I was flattered to be invited to submit a paper and present in the Minnesota Law Review's upcoming symposium, "Government Ethics and Bailouts: Past, Present, and Future," to be held on Friday, October 15, 2010. My co-panelists are Robert Hoyt, the former general counsel of the Department of Treasury, and my friend Bill Black from UMKC Law School (with whom I've shared a panel previously and explored questions of co-optation, or as Bill and the criminologists refer to it, "neutralization). Other panels will include Paul Atkins, former SEC Commissioner, Jack Katz, former SEC secretary, Kathleen Clark (Wash. U.), Richard Painter (Minnesota), Lisa Fairfax (Maryland), Steve Davidoff (U.Conn.), and Steve Bainbridge (UCLA). Vice President Walter Mondale will give a keynote address the evening before, and SEC Commissioner Troy Paredes will speak at lunch. Usha Rodrigues is submitting a neat paper (I've had a chance to read it) but may not be able to attend due to an impending, as they say, blessed event. All in all, quite a day.
I'm on the first panel of the day, which poses the mundane and narrow (!) question "Did Capitalism Fail?" Having no confidence whatsoever that I was capable by education, training, or insight to know whether capitalism failed in the financial crisis, I employed an old law professor trick and went after the question itself. (Maybe Messrs. Hoyt and Black are more confident than I!) My contribution is entitled Capitalism Didn't Fail, But the Metaphors Got a "C", which I've now posted on SSRN. (I was mostly proud of myself for finally coming up with a title that had no colon in the middle.) I saw that Steve Bainbridge just posted his contribution, Dodd-Frank: Quack Federal Corporate Governance Round II, so I decided to dive in as well. Here's the abstract:
This is a paper for the Minnesota Law Review's October 15, 2010 symposium, "Government Ethics and Bailouts: Past, Present, and Future." The panel topic is "The Past: Did Capitalism Fail?" The paper addresses not the merits and demerits of modern global financial systems, but instead how those of us who are not financial professionals might make sense of them, particularly when they are in catastrophic mode. The thesis is that the question itself reveals the extent to which the financial crisis has not been so much about whether an economic system succeeds or fails, but the meaning human beings draw from natural and man-made catastrophes. When the world discombobulates our sense of order, our expectations of cause-and-effect, we seem either (a) to question our most fundamental assumptions about science, progress, and social order, or (b) to look for someone to blame.
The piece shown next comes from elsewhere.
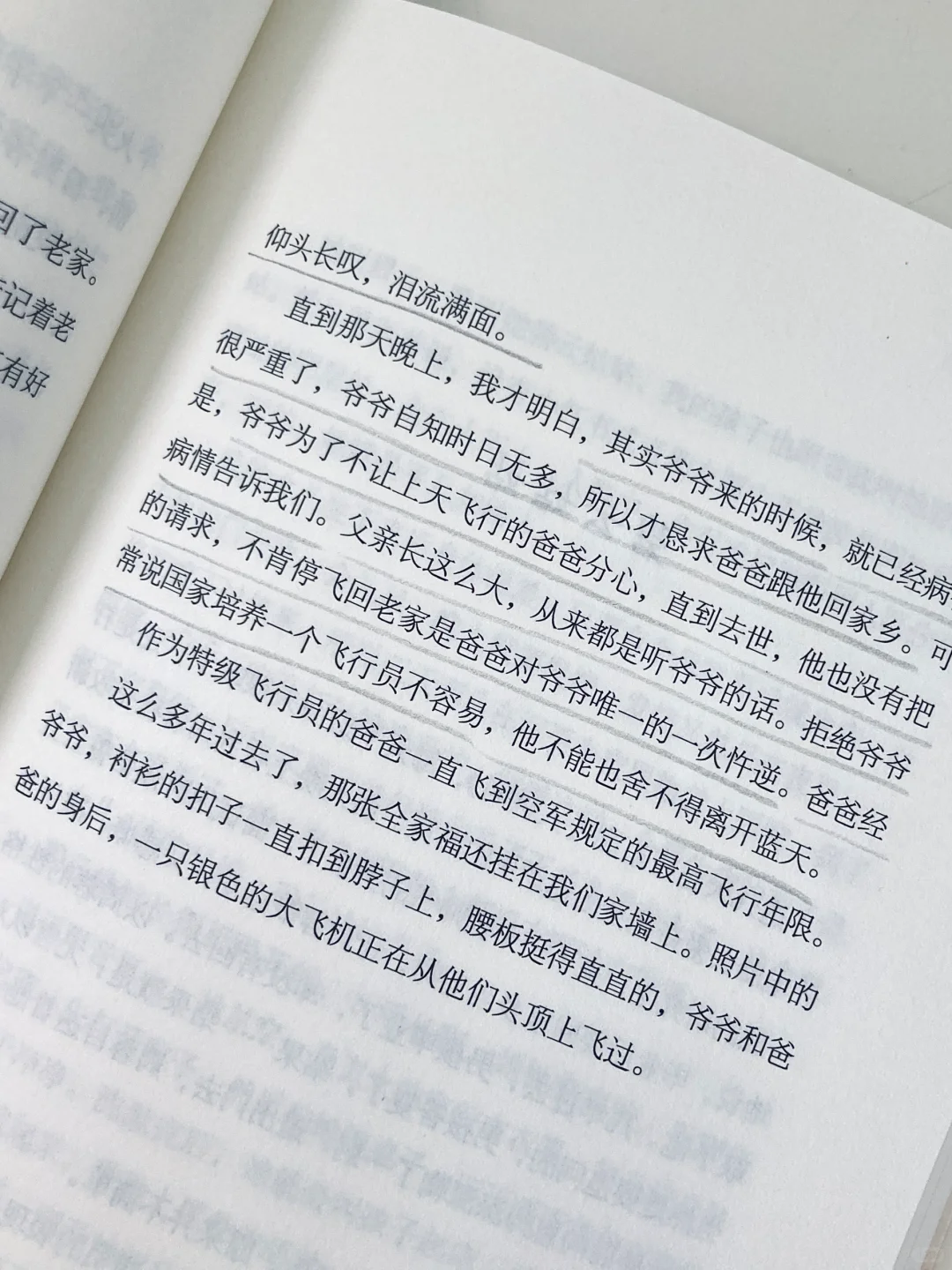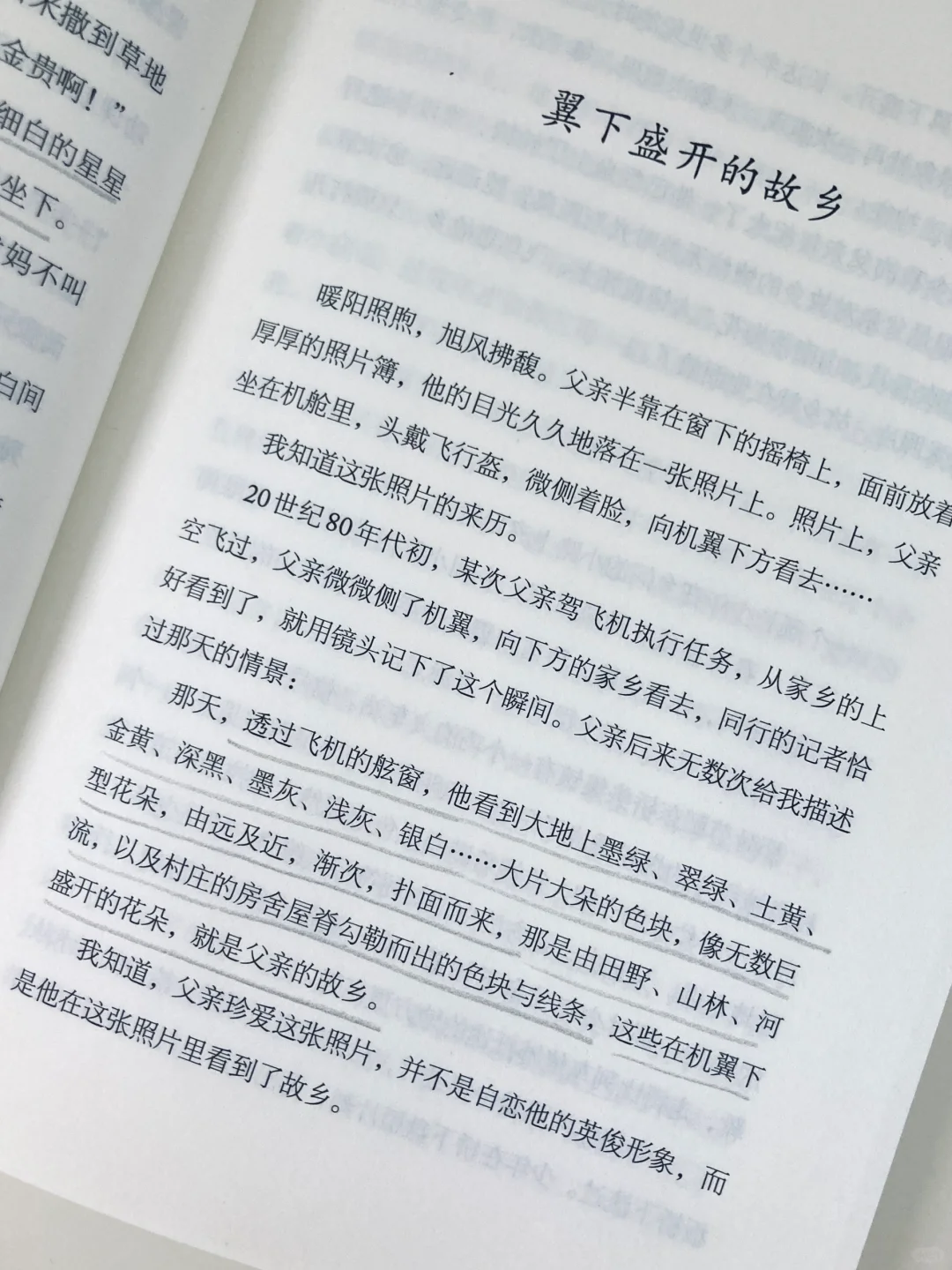 🟡其中《翼下盛开的故乡》写出父亲对飞行的热爱和对故乡的眷恋,他对爷爷曾说的那句“我不光是你的儿子,我还是国家的人”,读来让人动容。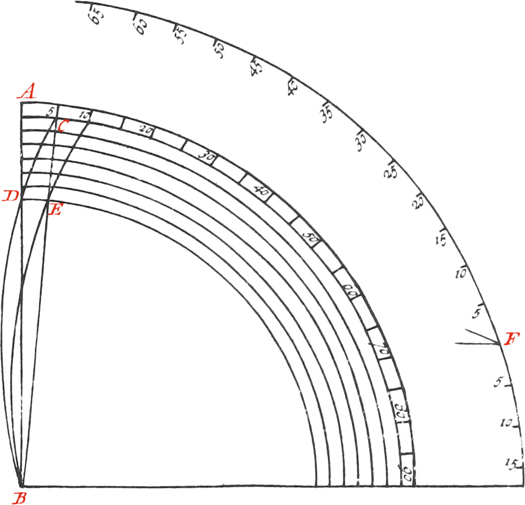 But since it is troublesome to find the Centers of 90 Arcs, each passing thro’ 3 Points; and since it is manifest, that all the Centers of these Arcs ought to be placed in the Circumference of a Circle whose Center is the Point B; there is no more to do but draw a Circle from the Center B, with the Distance BF, and divide it’s Circumference into 360 equal Parts; upon every of which, setting one Foot of your Compasses, you may describe with the same Extent FB, all the Arcs between the Circles AC, DE, and then the circular Arcs; which are Diagonals, will likewise divide the Circumferences, upon the Limb of the Instrument, into Degrees. Note, Because the Figure is too little, it is divided but into every 5th Degree.

The paper considers whether the verb "fail" in the question is transitive or intransitive. Is the question whether capitalism failed intransitively, as in "died," or is whether capitalism failed transitively, as in "flunked the test"? I argue that the question itself, in syntax and meaning, reveals our ambivalent relationship with telos, the extent to which order and regularity in nature and human affairs reflect purposes or ends. Relying on Steven Pinker's insights about verb usage, I tie the ambivalent syntax of the question to its equivalent ambivalent meaning in connection with the financial crisis itself. In the frame of the atelic (or intransitive) metaphor, capitalism failed in the sense of getting sick or dying, and the real problem was the perception that the professionals did not know how to cure the patient. In the frame of the telic (or transitive) metaphor, a well-engineered modern society hums along smoothly, operated and regulated by well-trained professionals. In that case, either the machine or its operators failed our expectations. I conclude by suggesting that if we understand the source of the metaphoric frames themselves, we may not solve the financial crisis, but we may be able to calm the troubled waters of our fundamental assumptions and our concomitant desire to find human or divine villains to blame.